Management further acknowledges that it is solely responsible for adopting
sound accounting practices, establishing and maintaining a system of internal accounting control and preventing and detecting fraud. The
Company's system of internal accounting control is designed to assure, among other items, that 1) recorded transactions are valid; 2)
valid transactions are recorded; and 3) transactions are recorded in the proper period in a timely manner to produce financial statements
which present fairly the financial condition, results of operations and cash flows of the Company for the respective periods being presented.
Use of estimates
The preparation of financial statements in conformity with accounting
principles generally accepted in the United States of America requires management to make estimates and assumptions that affect the reported
amounts of assets and liabilities and disclosure of contingent assets and liabilities at the date of the financial statements and the
reported amounts of revenues and expenses during the reported period.
The Company’s significant estimates include income taxes provision
and valuation allowance of deferred tax assets; the fair value of financial instruments; the carrying value and recoverability of long-lived
assets, including the values assigned to an estimated useful lives of computer equipment; and the assumption that the Company will continue
as a going concern. Those significant accounting estimates or assumptions bear the risk of change due to the fact that there are uncertainties
attached to those estimates or assumptions, and certain estimates or assumptions are difficult to measure or value. Management bases its
estimates on historical experience and on various assumptions that are believed to be reasonable under the circumstances, the results
of which form the basis for making judgments about the carrying values of assets and liabilities that are not readily apparent from other
sources.
Management regularly reviews its estimates utilizing currently available
information, changes in facts and circumstances, historical experience and reasonable assumptions. After such reviews, and if deemed appropriate,
those estimates are adjusted accordingly. Actual results could differ from those estimates.
Carrying value, recoverability and impairment of long-lived assets
The Company has adopted paragraph 360-10-35-17 of the FASB Accounting
Standards Codification for its long-lived assets. The Company’s long-lived assets, which include computer equipment are reviewed
for impairment whenever events or changes in circumstances indicate that the carrying amount of an asset may not be recoverable.
The Company assesses the recoverability of its long-lived assets by
comparing the projected undiscounted net cash flows associated with the related long-lived asset or group of long-lived assets over their
remaining estimated useful lives against their respective carrying amounts. Impairment, if any, is based on the excess of the carrying
amount over the fair value of those assets. Fair value is generally determined using the asset’s expected future discounted cash
flows or market value, if readily determinable.
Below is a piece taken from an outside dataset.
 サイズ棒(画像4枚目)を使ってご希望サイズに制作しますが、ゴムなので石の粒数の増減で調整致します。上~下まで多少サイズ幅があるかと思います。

If long-lived assets are determined to be recoverable, but the newly determined remaining
estimated useful lives are shorter than originally estimated, the net book values of the long-lived assets are depreciated over the newly
determined remaining estimated useful lives.
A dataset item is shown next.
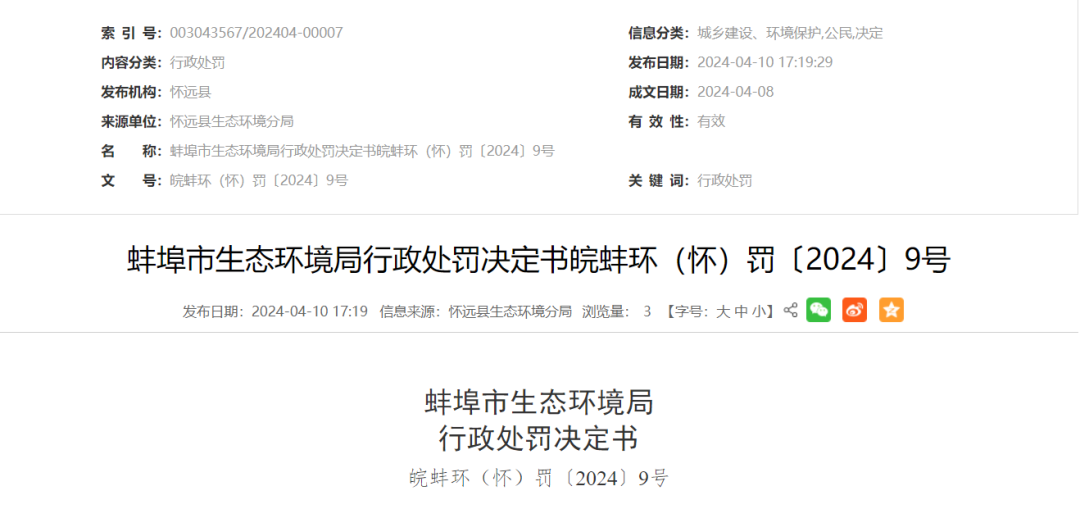 4月8日,安徽省蚌埠市生态环境局,发布一份行政处罚决定书。

The Company considers the following to be some examples of important
indicators that may trigger an impairment review: (i) significant under-performance or losses of assets relative to expected historical
or projected future operating results; (ii) significant changes in the manner or use of assets or in the Company’s overall strategy
with respect to the manner or use of the acquired assets or changes in the Company’s overall business strategy; (iii) significant
negative industry or economic trends; (iv) increased competitive pressures; (v) a significant decline in the Company’s stock price
for a sustained period of time; and (vi) regulatory changes. The Company evaluates acquired assets for potential impairment indicators
at least annually and more frequently upon the occurrence of such events.
The impairment charges, if any, is included in operating expenses in
the accompanying consolidated statements of operations.
Cash and cash equivalents
The Company considers all highly liquid investments with a maturity
of three months or less when purchased to be cash equivalents.
Related parties
The Company follows subtopic 850-10 of the FASB Accounting Standards
Codification for the identification of related parties and disclosure of related party transactions.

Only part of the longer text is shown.